General characteristics
- Type: Landing Craft Utility
- Displacement: 145 tons at full load
- Length: 79.9 ft (24.4 m)
- Beam: 24 ft (7.3 m)
- Propulsion: Four Detroit Diesel Series 71 engines
- Speed: 8 knots (15 km/h)
- Range: 1,130 mi (1,820 km)
- Capacity: 1 × Centurion tank, or; 100 infantrymen, or; 40,000 gallons of bulk fuel;
- Complement: Eight
- Notes: Ship characteristics from Gillett (1988), p. 117

= ALC 50 =

The Australian Landing Craft 50 or ALC 50 was a class of Landing Craft Utility operated by the Australian Army in the 1960s.

== History ==
The two ALC 50s were built by Phoenix Shipyards in Devonport, Tasmania and were completed in 1962 and collected for sea trials and transfer to Sydney early that year. The operating unit that accepted and ran them both was 4 Water Transport Troop, Clifton Gardens, Middle Head, Sydney. The commander and trial officer for both the trial-cum-voyage back to Sydney of the first vessel to be launched in early 1962 was Lieut. Don McDowell.

The voyage was not without difficulty and sailing through the aftermath of a gale caused conditions that saw th bow door start to "peel" externally, some engine troubles that caused a close-down on one side, one rudder pintle breaking, and the helm-wheel shake to pieces leaving only its steel skeleton. Eventually the vessel had to get towed to Sydney by the accompanying LSM, and attaching the towing bridle in heavy seas resulted in an accident that injured two of the six crew.
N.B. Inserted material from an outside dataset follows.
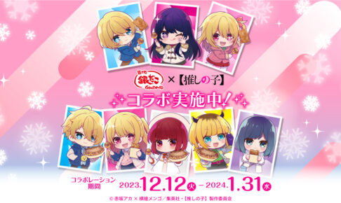 「赤坂アカ / 横槍メンゴ」先生らによる人気漫画を原作としたアニメ「【推しの子】」× 全国のたこ焼きチェーン店「築地銀だこ」にて、2023年12月12日〜2024年1月31日までコラボが開催される。アイ・ルビー・かな・MEMちょらをイメージした「ステッカー」や「ポストカード」が付属するコラボたこ焼きが登場!

This unhappy voyage ended with the vessel coming into Sydney Harbour with distress flags/balls hoisted, having to steer in a slow circle to port then a short burst of full astern, in an attempt to get it to dock alongside Clifton Gardens base. That the vessel was largely orange with rust by this time (and no longer bronze deep green) also did little to impress the official greeting party as news of the vessels mishaps had not been passed because of radio failure during the voyage. Despite such an eventful maiden voyage, that vessel was fixed in 4 Water Transport's own workshops and all faults repaired, leaving it to go into honourable service as shown below.

During their service with the Army they were named AB 3000 and AB 3001 and operated along the NSW and QLD coastline on army exercises. In September 1970 an ALC 50, in company with a pair of LCM8s, travelled some 880 kilometers up the Sepik River to the PNG-West Irian border. The ALC 50s were replaced by the in the early 1970s.